Flow-accelerated corrosion (FAC) of carbon steel (CS) piping has been one of the main issues in light-water nuclear reactors (LWRs). Wall thinning of CS piping due to FAC increases the potential risk of pipe rupture as well as the costs for inspection and replacement of damaged pipes. In particular, corrosion products generated by FAC of CS piping can lead to steam generator (SG) tube corrosion and degradation of thermal performance when they enter and accumulate on secondary side of pressurized water reactors (PWRs). To maintain SG integrity by suppressing the corrosion of CS, high pH all-volatile treatment (AVT) chemistry (High-AVT) (feedwater pH 9.8{+-}0.2) was adopted in Tsuruga-2 (1 160 MW PWR, in commercial operation since 1987) in July 2005 to replace the conventional Low-AVT chemistry (feedwater pH 9.3).
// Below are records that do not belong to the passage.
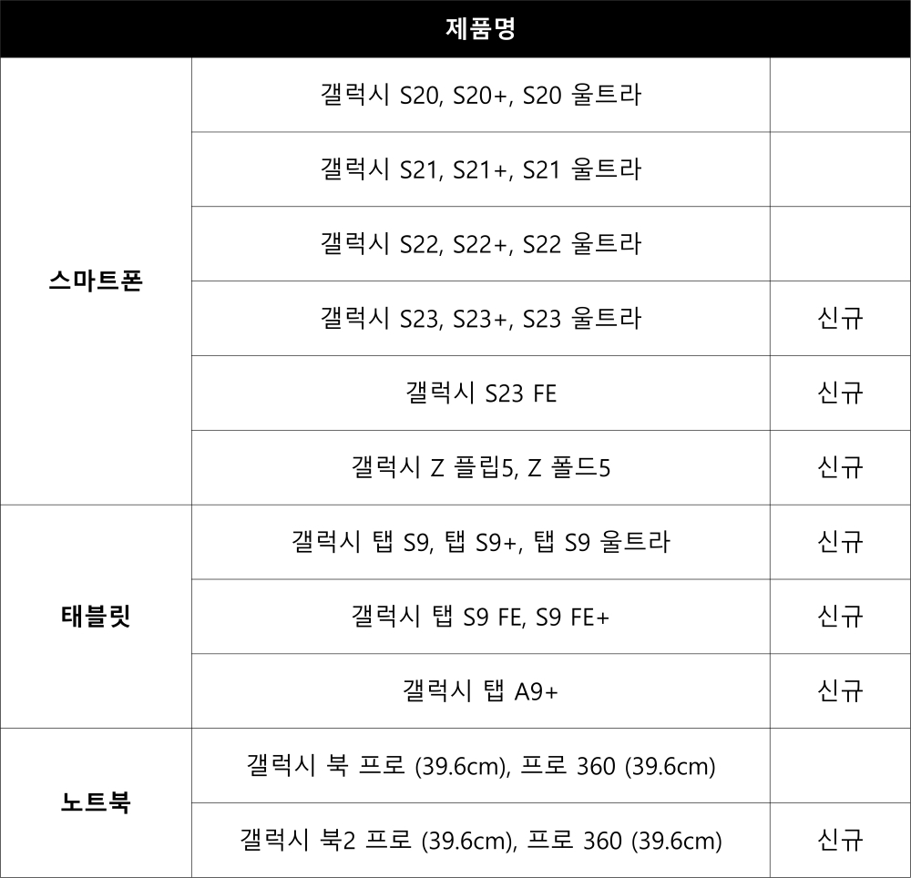 [2]갤럭시 Z 플립5∙갤럭시 Z 폴드5의 경우 커버스크린도 자가수리 대상 품목에 포함된다.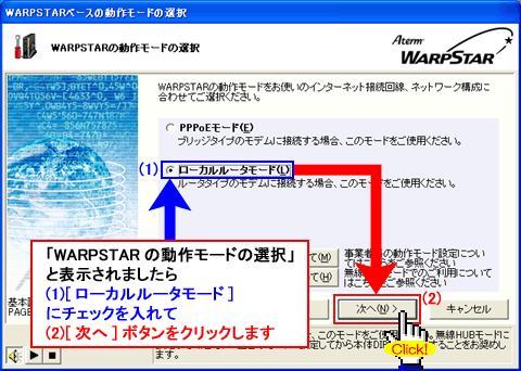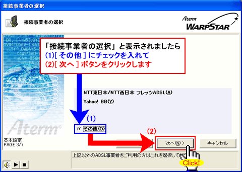 Windows(R) XP Service Pack 2(SP2)をご利用の場合、Step2に「 」マークが表示され、以降の手順が行えないことがあります。このような場合は、クイック設定Webで以降の設定を行ってください。>こちらへ |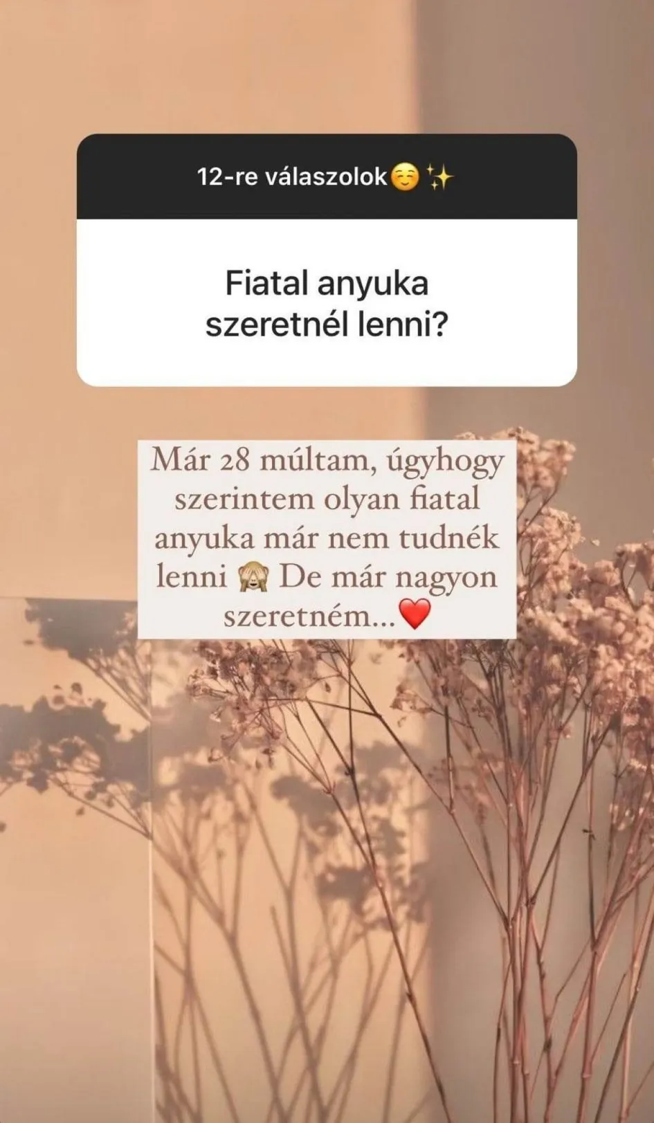 „Már 28 múltam, úgyhogy szerintem olyan fiatal anyuka már nem tudnék lenni, de már nagyon szeretném” – reagált a kérdésre az egykori szépségkirálynő. Rebeka azt is elárulta a mindössze 24 órán át elérhető Instagram-történetébe pakolt videójában, hogy gyógyszert kell szednie és odafigyel az egészségére.

After adopting High-AVT, the accumulation rate of iron in the SG decreased to one-quarter of that observed under conventional Low-AVT. As a result, the previously declining SG thermal efficiency was improved. However, it has become clear that High-AVT chemistry is ineffective against FAC in the regions where the flow turbulence is much greater. By contrast, wall thinning of CS feedwater pipes due to FAC has been successfully controlled by oxygen treatment (OT) for long time in boiling water reactors (BWRs). This is due to the fact that the magnetite film formed on CS surfaces under AVT chemistry has a higher solubility and porosity in comparison with hematite film, which is formed under OT. In this paper, the behavior of FAC under various pH and dissolved oxygen concentrations is discussed based on actual wall thinning rates of BWR and PWR plants and on experimental results in a FAC test-loop. It has been established that FAC is suppressed even under extremely low dissolved oxygen concentrations such as 2 {mu}g . kg{sup -1} under AVT conditions in PWRs. Based on this result, we propose oxygenated water chemistry for PWR secondary systems, as it can mitigate FAC of CS piping without any adverse effects on the SG integrity. Furthermore, the applicability and effectiveness of this concept developed for FAC suppression in PWR secondary systems is discussed based on results of an in-plant test at Tsuruga-2. (orig.)